Objective: The purpose of this study was to enhance our understanding of clinical trends in sleep and rapid eye movement (REM) propensity on the multiple sleep latency test (MSLT). Demographic variables of interest included early childhood/advanced age, gender, race, and REM-suppressant use.
Methods: Nocturnal sleep studies and 5-nap MSLTs were retrieved from a large repository of deidentified studies from various US sleep clinics between 2007 and 2015. Studies were signal processed, human-edited, and underwent rigorous quality assurance for inclusion.
Results: The final sample consisted of N = 2498 MSLTs (24.2% Black; 34.2% Men; Age 4-89). In adults (age ≥ 21), sleep propensity modestly decreased across nap (90% at nap 1 to 80% at nap 5; p < 0.001). Children ≤12 years were least likely to fall asleep on any nap (∼55% at nap 5). REM propensity troughed at nap 4 (13%) and varied with age. Advanced age (≥60 years; OR: 0.28, p < 0.001), REM-suppressant use (OR:0.52, p < 0.001), and female sex (men OR: 1.48, p = 0.012) was associated with a decreased proportion of ≥2 REMs in adjusted logistic models. Children often demonstrated only 1 REM and generally had long sleep latencies, yielding a low proportion of MSLTs consistent with narcolepsy (11.0% vs. 19.2% and 16.8% in those between 13-20 and 21-59, respectively; p = 0.003).

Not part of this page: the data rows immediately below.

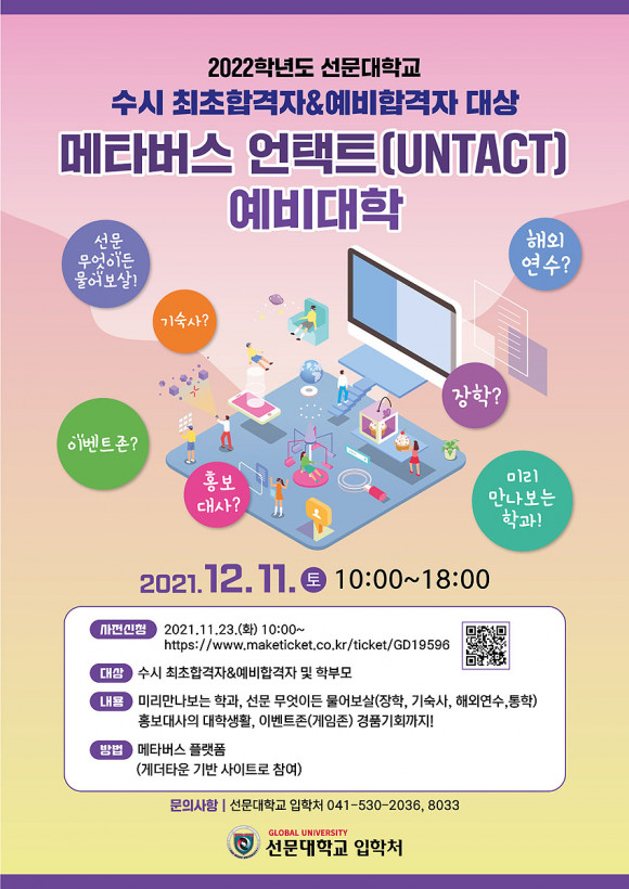 ÇÑÆí ¿¹ºñ ´ëÇÐÀº ¼±¹®´ë ÀÔÇÐó ȨÆäÀÌÁö(http://ilove.sunmoon.ac.kr)¿¡¼ ¹Ù·Î Âü¿©ÇÒ ¼ö ÀÖÀ¸¸ç, »çÀü ½ÅûÀÚ¿¡°Ô´Â Ãß÷À» ÅëÇØ ¼ÒÁ¤ÀÇ »óǰÀ» ¹ÞÀ» ¼ö ÀÖ´Ù. ¼±¹®´ë ¿¹ºñ ´ëÇлý°ú Çкθ𸦠ºñ·ÔÇØ ´©±¸³ª Âü¿©ÇÒ ¼ö ÀÖ´Ù.
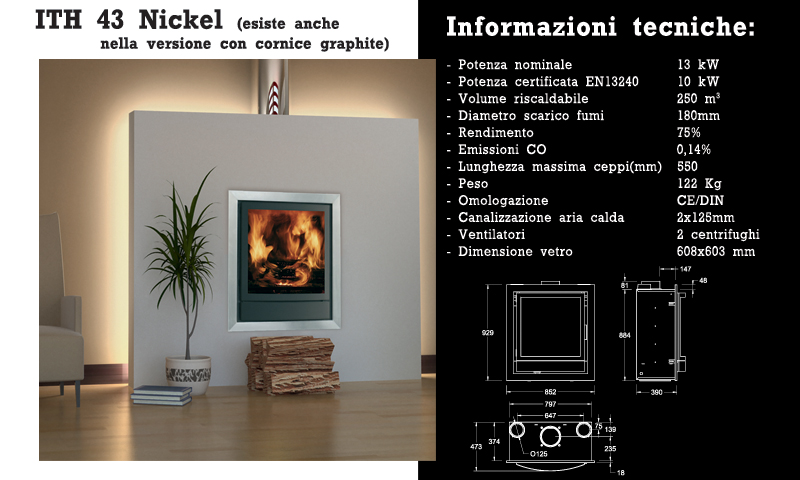 Telecomando termostatico programmabile opzionale. Il modello ITH 43 è fornito con cornice color graphite o nickel.
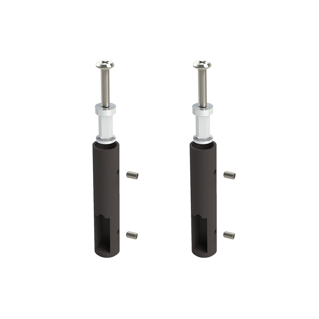 - Componentes: vástago central con tornillo Phillips avellanado, tuerca/aro hexagonal intermedio, manguito o casquillo blanco translúcido de guiado/aislamiento, cuerpo tubular y dos tornillos prisioneros incluidos
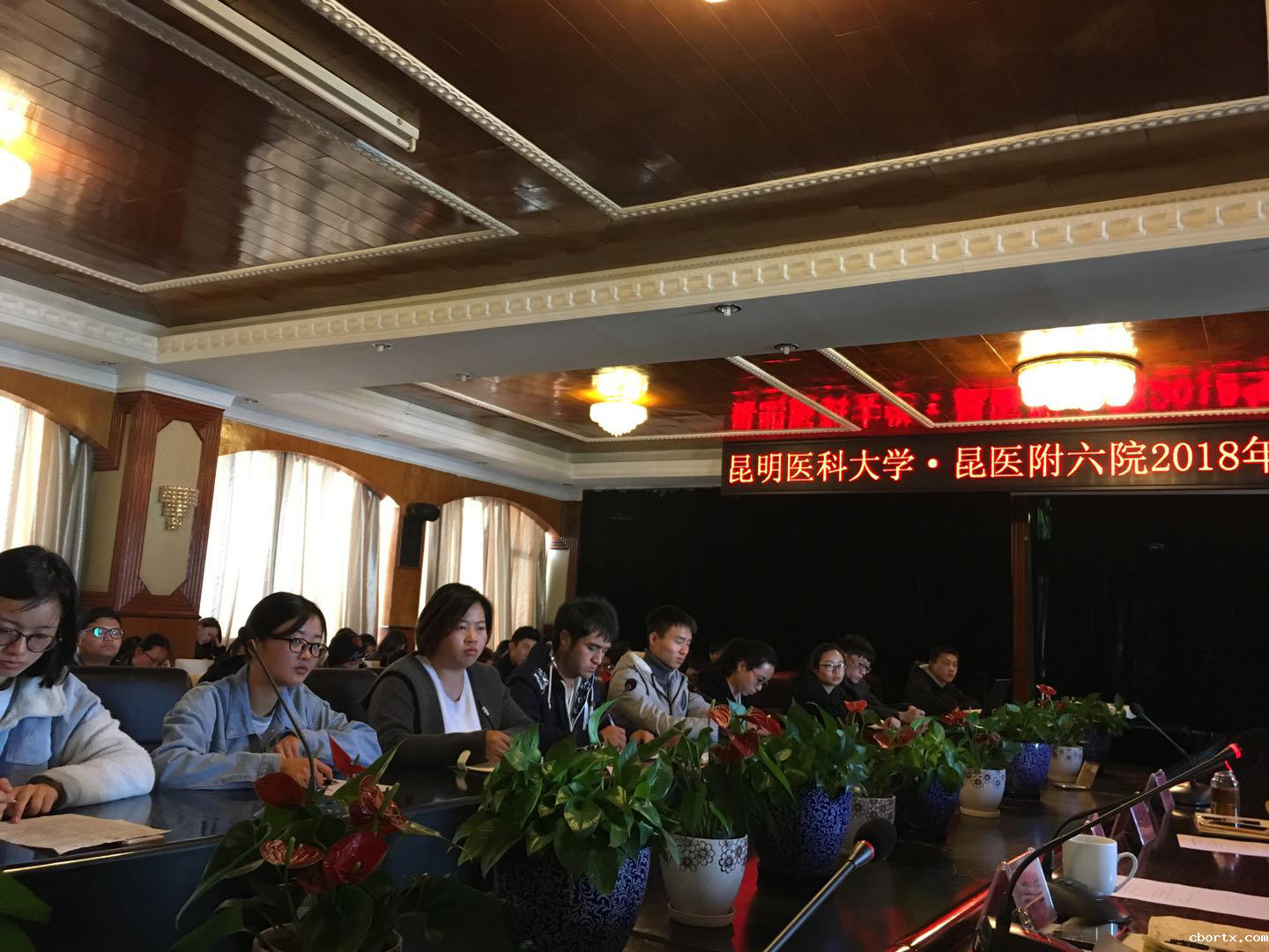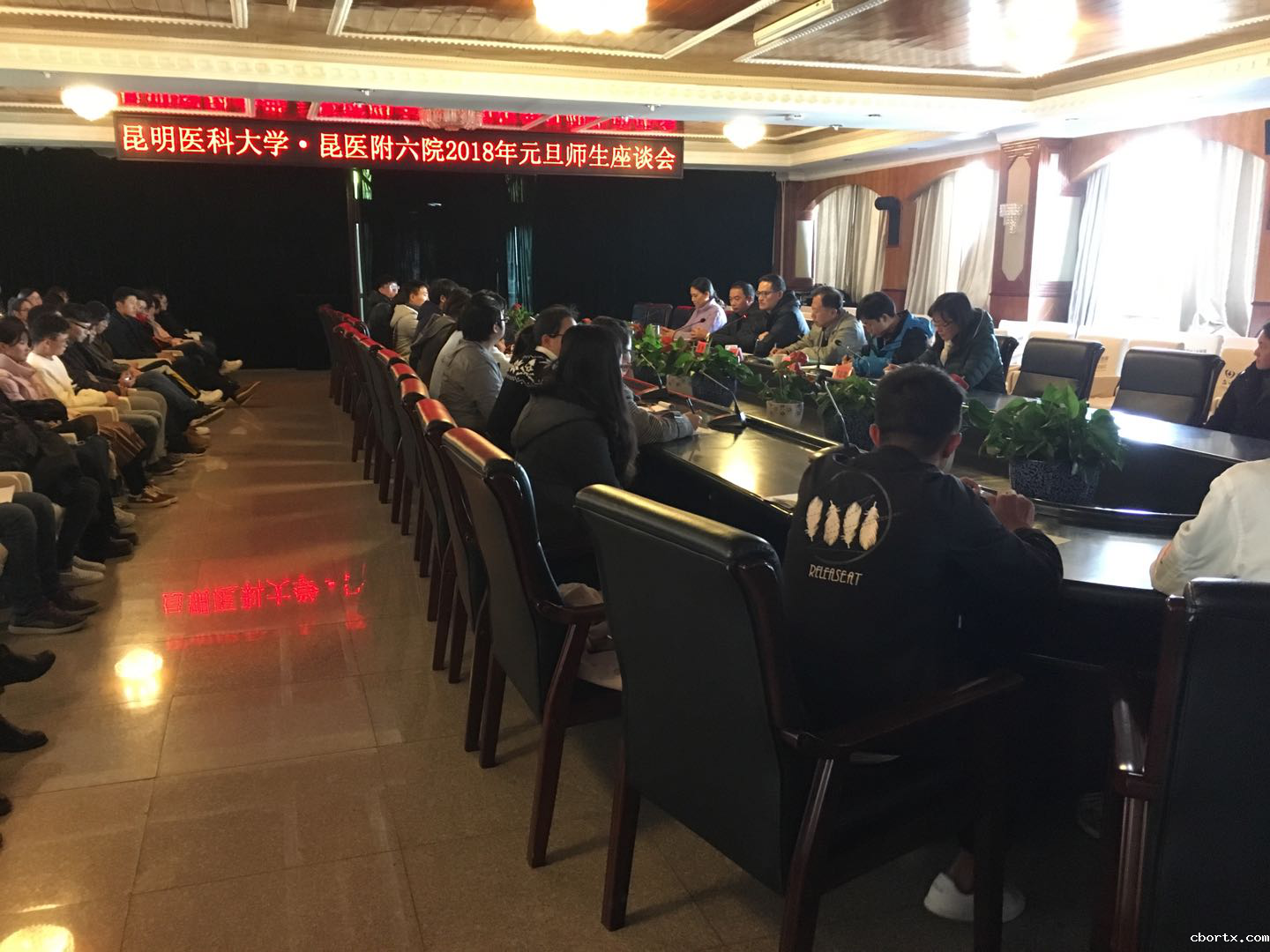 12月26日下午,学校党委副书记周佳一行赴玉溪市人民医院看望实习基地同学,举行师生座谈会并宣讲党的十九大精神。玉溪市人民医院院长曾勇、副院长张锡光及学校公共卫生学院负责人和全体实习同学参加座谈会。
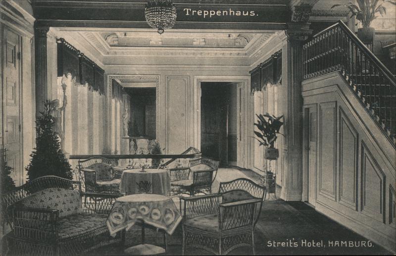 Front: GOTOODE Treppenhaus. DOXY Streit's Hotel, HAMBURG. Back: Verlag Gebr. Israel, Hamburg STREIT'S HOTEL, HAMBURG. (Nur für Adreffe.)
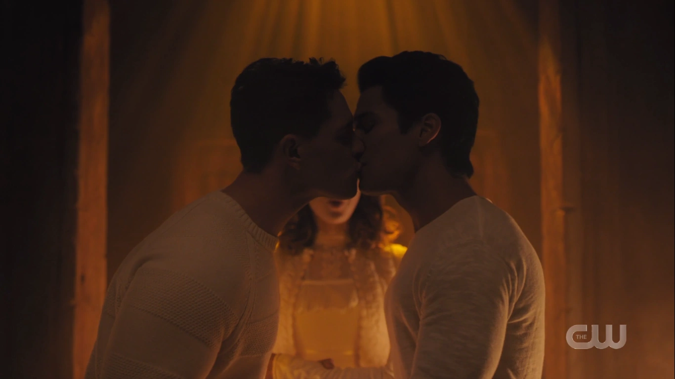 Kevin has a drink with Lester Darin at Molly's Crisis. He’s heard urban myths about Riverdale but is doubtful that the Gargoyle King terrorizing the town is a true story. However, Kevin promises him that it is. He never thought he would survive high school let alone live long enough to write a play. Lester places his hand on Kevin’s thigh and asks if they’ve met before. Kevin removes his hand and continues to discuss his play with Lester, who asks Kevin to come back to his place, where they’ll recreate the bunker scene and maybe he’ll consider work-shopping his play. When Kevin asks what that’ll entail, Lester whispers into his ear. All the while, Pepper watches from the bar.
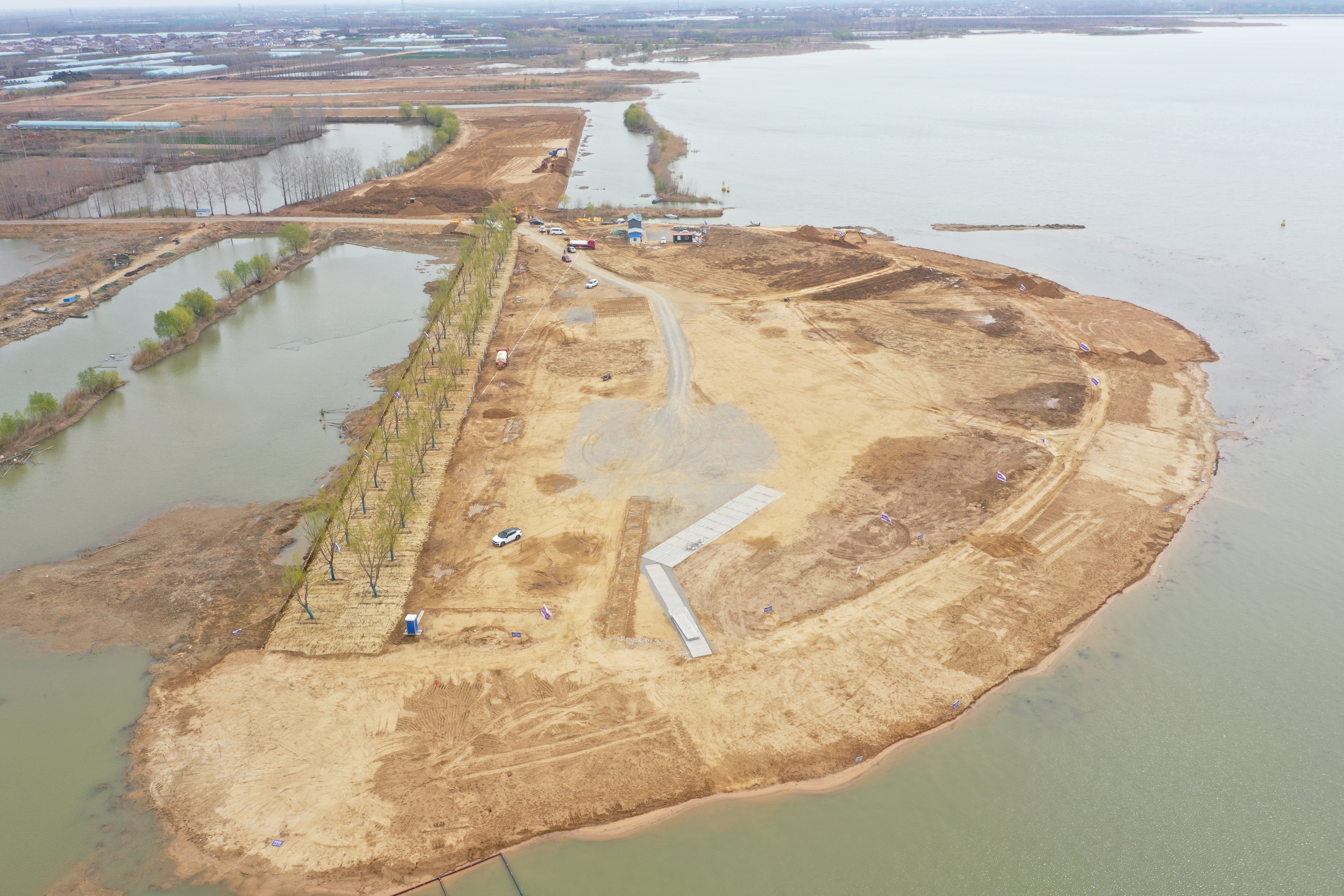 在石梁河水库生态修复项目的施工现场,机声轰鸣,在现场管理人员的有序调配下,20多台大型机械和100多名工人正在进行场地清表、整平和绿化苗木移栽等工作,施工现场各种机械及运输车辆往来穿梭,一派热火朝天的景象,复工建设掀起了小高潮。
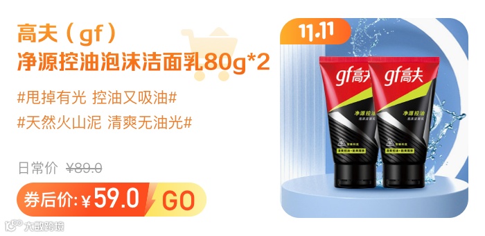 高夫(gf) 净源控油泡沫洁面乳80g*2
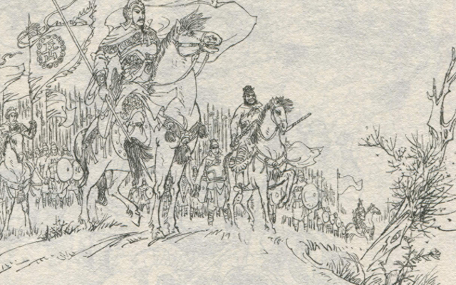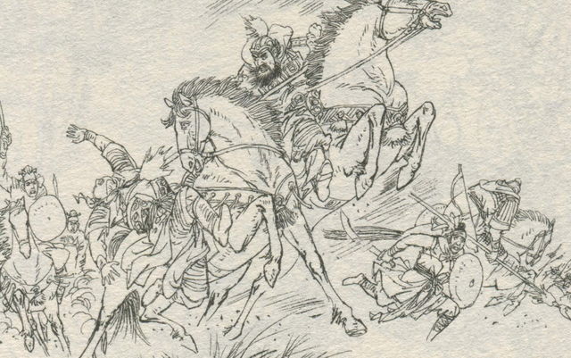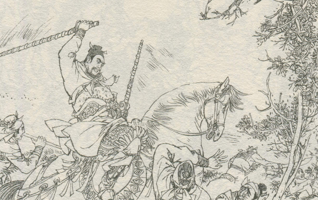 吴锡怒马突出,左手持刀,右手执盾,飞上山冈,部下见主将奋不顾身前进,也拼命随上。
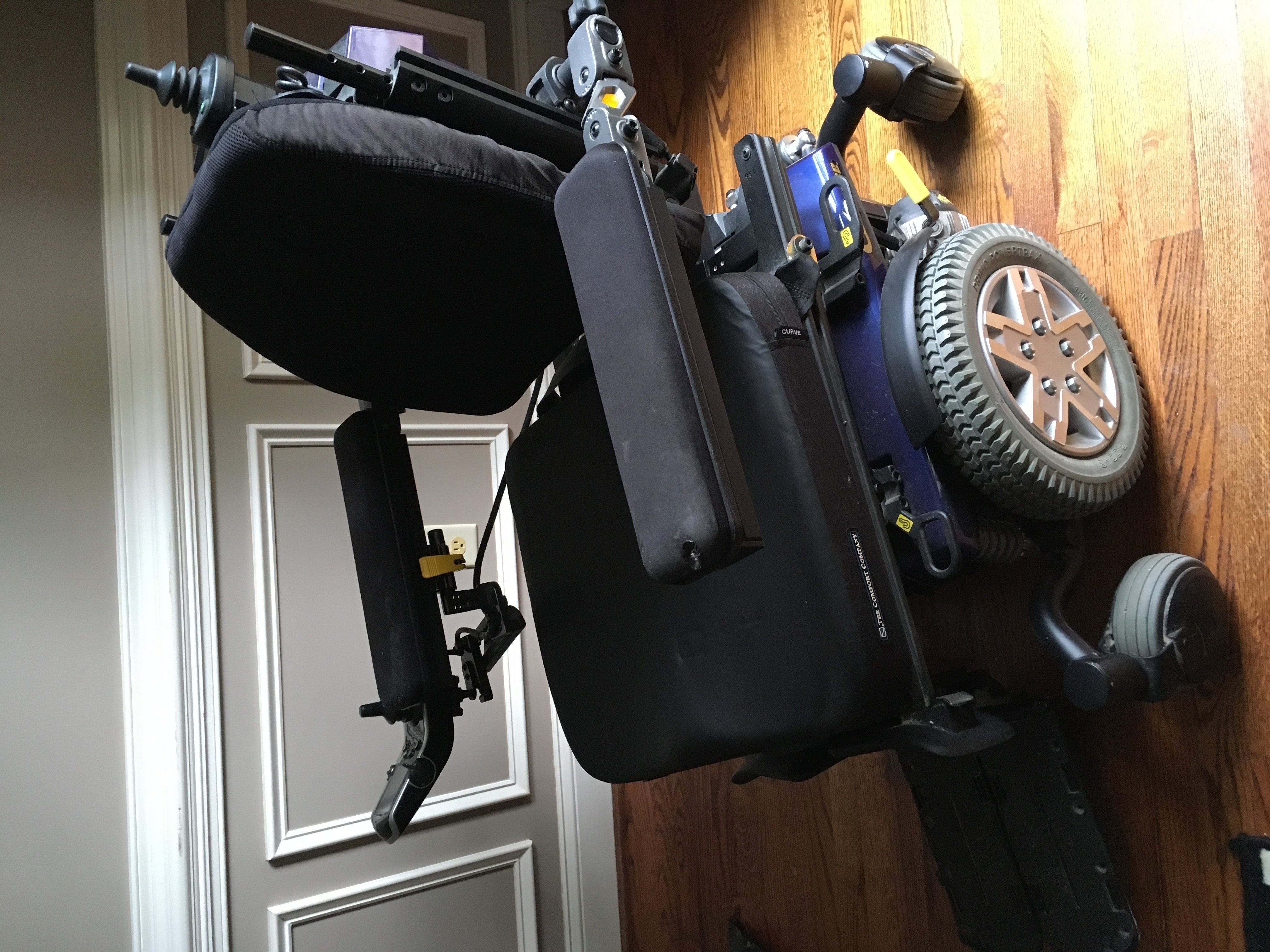 This chair was originally purchased late in 2013. It was used for less than a year by our daughter. We have taken it to New York City, and it went to college with her for a few weeks. It has a joystick on the right side for maneuvering, but it can be moved to the left side for a left-handed person. There is another joystick on the back of the chair to allow another person to guide the chair. It has Tru Comfort TB3 Rehab seating and retractable joystick mounting. There are center mount leg rests and a Permobil ergo cushion. Also included are a Tru comfort backrest, and Falcon gel full length arm rests. The chair comes with a battery charger and power lift for a vehicle. We will gladly Skype or post a you tube video to prove that it works for anyone interested. The color is actually purple, but it looks blue in some light and purple in others. We also have the original purchase paperwork.

Conclusions: MSLT outcomes vary greatly across age, gender, and use of psychotropic medication. Demographic variance should be considered when interpreting MSLT results. Robust age effect question the appropriateness of the MSLT as currently designed and implemented for children and older adults.
Keywords: Age; Gender; Hypersomnia; MSLT; Narcolepsy.